Task directions:
Copy verbatim the span of lines beginning at the line that contains "牛肉寿喜焼配和式定食溫泉蛋非" and ending with the final line of the data. Exclude pictures from the copy.

Data START

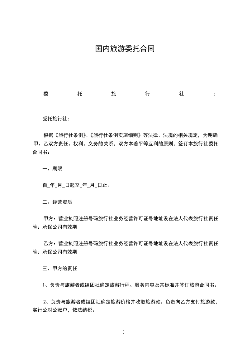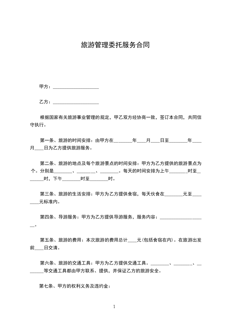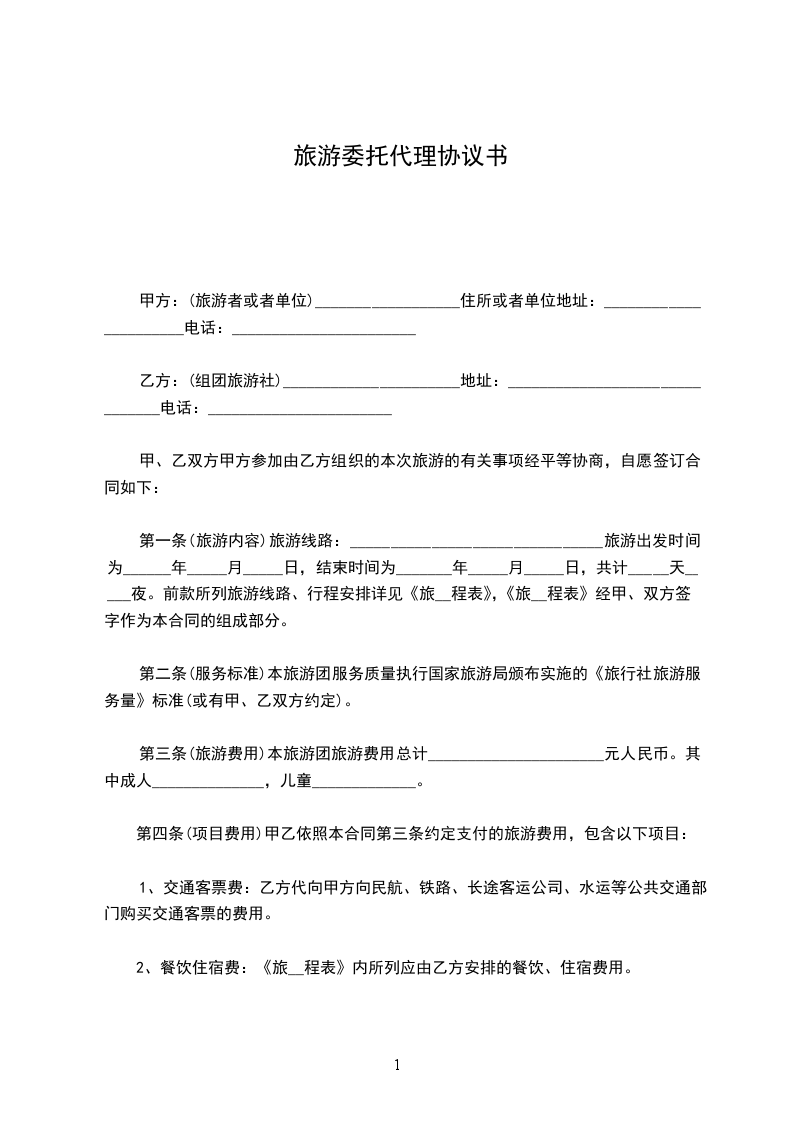 第一条(旅游内容)旅游线路:_______________________________旅游出发时间为______年_____月_____日,结束时间为_______年_____月_____日,共计_____天_____夜。前款所列旅游线路、行程安排详见《旅__程表》,《旅__程表》经甲、双方签字作为本合同的组成部分。
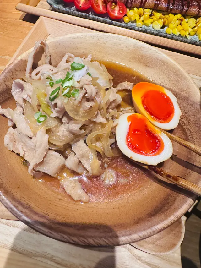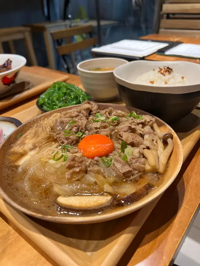 牛肉寿喜焼配和式定食溫泉蛋非常吸睛,呈金黃色,牛肉份量多,醬汁調得啱啱好。圍住牛肉有滿滿蔬菜伴碟,有豆腐,金菇,洋蔥。真係可以送幾碗飯。
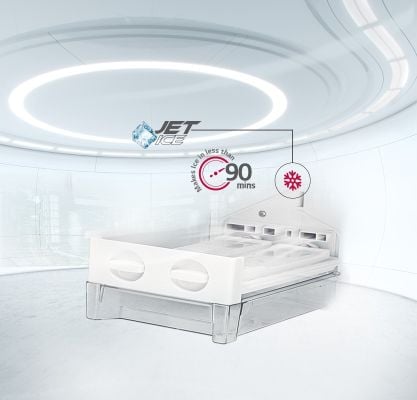 The Jet Ice Technology in LG Refrigerator helps make ice in less than 90 minutes^^. The Unique Cooling Shower that maintains a continuous flow of cool air on the tray helps make ice faster than most of the refrigerators in the same product category.
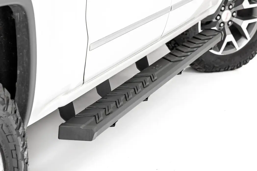 Heavy-Duty Construction: Built to last, Rough Country's BA2 Running Board Side Steps feature a durable steel construction with a textured powder-coated finish for superior corrosion resistance. The integrated nonslip stepping surface ensures maximum traction, even in wet or muddy conditions. Engineered to support up to 500 lbs., these steps are as strong as they are stylish.

Data END

Answer to the exercise:
 牛肉寿喜焼配和式定食溫泉蛋非常吸睛,呈金黃色,牛肉份量多,醬汁調得啱啱好。圍住牛肉有滿滿蔬菜伴碟,有豆腐,金菇,洋蔥。真係可以送幾碗飯。
 The Jet Ice Technology in LG Refrigerator helps make ice in less than 90 minutes^^. The Unique Cooling Shower that maintains a continuous flow of cool air on the tray helps make ice faster than most of the refrigerators in the same product category.
 Heavy-Duty Construction: Built to last, Rough Country's BA2 Running Board Side Steps feature a durable steel construction with a textured powder-coated finish for superior corrosion resistance. The integrated nonslip stepping surface ensures maximum traction, even in wet or muddy conditions. Engineered to support up to 500 lbs., these steps are as strong as they are stylish.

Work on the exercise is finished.